Ministros decidem que associação é suficiente para configurar crime; embora simbólico, delito tem pena inferior a outros

BRASÍLIA, O Estado de S.Paulo

23 de outubro de 2012 | 03h09

A condenação pelo crime de formação de quadrilha fará com que as penas impostas a personagens importantes do governo do ex-presidente Luiz Inácio Lula da Silva, como o ex-ministro-chefe da Casa Civil, José Dirceu, sejam aumentadas em até três anos. Previsto no Código Penal, o crime é punido com pena de reclusão de um a três anos.

Apesar do simbolismo do crime de formação de quadrilha, a punição é mais branda, por exemplo, do que a prevista por corrupção ativa ou passiva.

Ao julgar a acusação, o Supremo Tribunal Federal fixou o entendimento de que, para ficar configurado o crime de formação de quadrilha, basta que os acusados se associem de forma estável, permanente e com divisão de tarefas, com o objetivo de cometer delitos.

Segundo a tese majoritária, não é necessário que os criminosos usem armas e pratiquem crimes de sangue para que exista uma quadrilha. Mas é essencial que eles se unam de forma livre e consciente para praticar crimes que também podem envolver lavagem de dinheiro.

"Cada um dos réus era especialmente incumbido, não de todas, mas de determinadas ações e omissões, as quais, no conjunto, foram essenciais para a satisfação dos objetivos ilícitos da associação criminosa", descreveu o relator do processo do mensalão, ministro Joaquim Barbosa

Penas. A definição das penas por formação de quadrilha pode fazer a diferença no regime de cumprimento das punições nos casos de réus como Dirceu, o ex-tesoureiro do PT Delúbio Soares e o ex-presidente do partido, José Genoino. Isso porque o crime estaria prescrito caso a punição definida pelo Supremo seja igual ou inferior a dois anos de prisão. Nesse caso, o tempo estabelecido não seria considerado no cálculo final das condenações de cada réu.

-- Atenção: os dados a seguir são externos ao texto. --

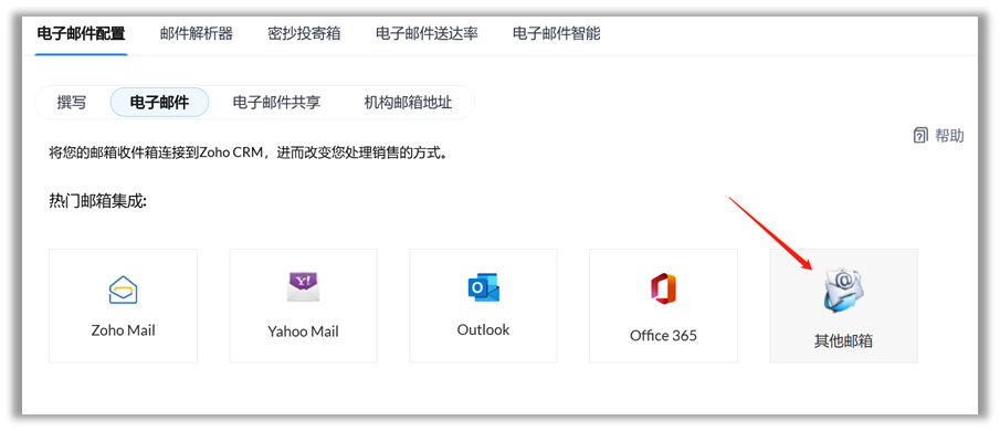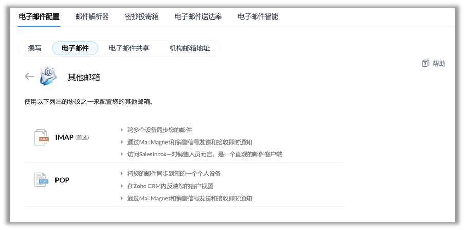 在Zoho CRM中,电子邮件可以与不同服务商通过IMAP和POP进行集成,还可以通过API为Outlook等提供电子邮件集成。
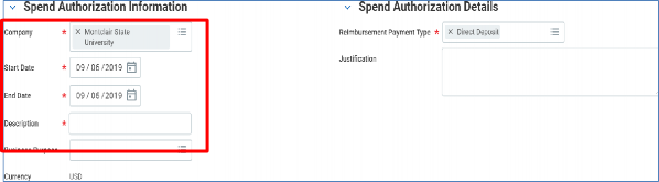 2) From the Create Spend Authorization screen, go to the Spend Authorization Information section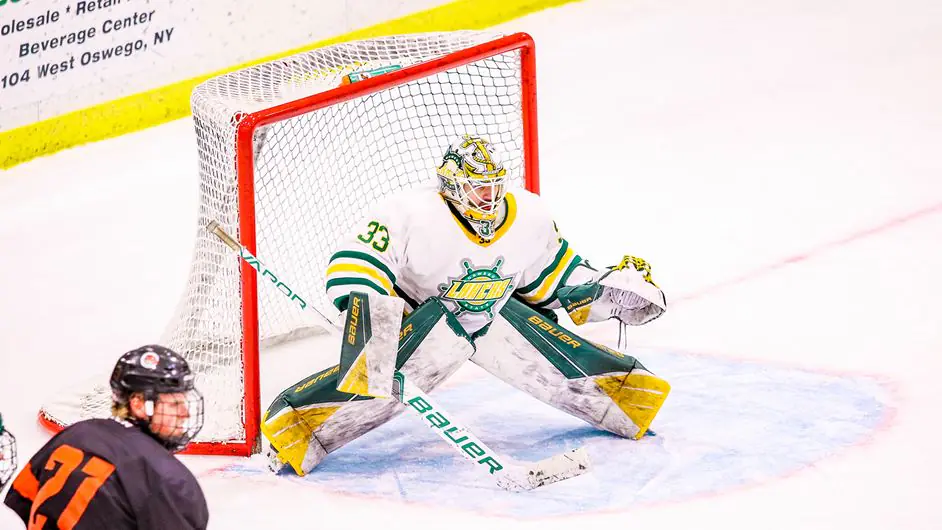 The Lakers are decided underdogs tonight.  Geneseo, 21-3-1. is a top three national program and defending conference champions.  The Lakers, 18-6-1 and not even in the Top Ten, lost two regular season games to them earlier this year.  This had been billed as a rebuilding year, with 21 new players (2020-21 was lost due to COVID) including many who had never played any college hockey at all.  Getting this far this year has been seen as a quite pleasant surprise.   A competitive loss to such a quality opponent may still qualify the Lakers for another NCAA tourney invite.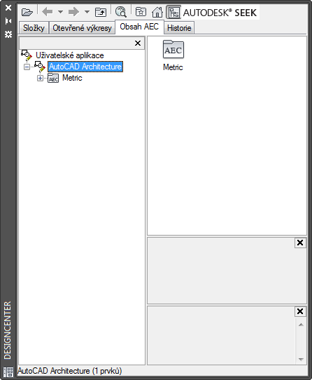 Obsah AEC (Architectural, engineering and construction) se skládá ze souborů s výkresy, architektonických symbolů, stylů objektů a rutin poznámek.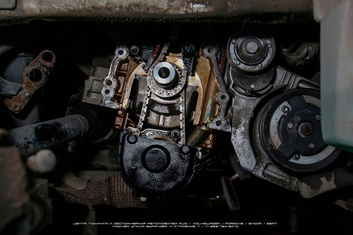 По результатам осмотра было выявлено - необходимо менять комплект цепи ГРМ [ Растянутую цепь можно услышать по характерному треску, особенно в момент холодного запуска мотора. Так же, существует процедура проверки растяжения цепи - фаз газораспределения при помощи специального оригинального приспособления ] После того, как мы убедились в необходимости замены и получили все детали на складе – можно приступать к снятию старой цепи

Fora isso, o Supremo ainda precisa definir a metodologia de cálculo das penas. São três as possibilidades, com diferentes impactos no total das punições. A mais severa é a do concurso material: são somadas as punições por ocorrência de um mesmo tipo de crime. Se o réu foi condenado três vezes, multiplica-se a pena por três. Se o STF usar as fórmulas de concurso formal ou crime continuado, a aplicação é dada como se fosse uma única ocorrência. / M.G.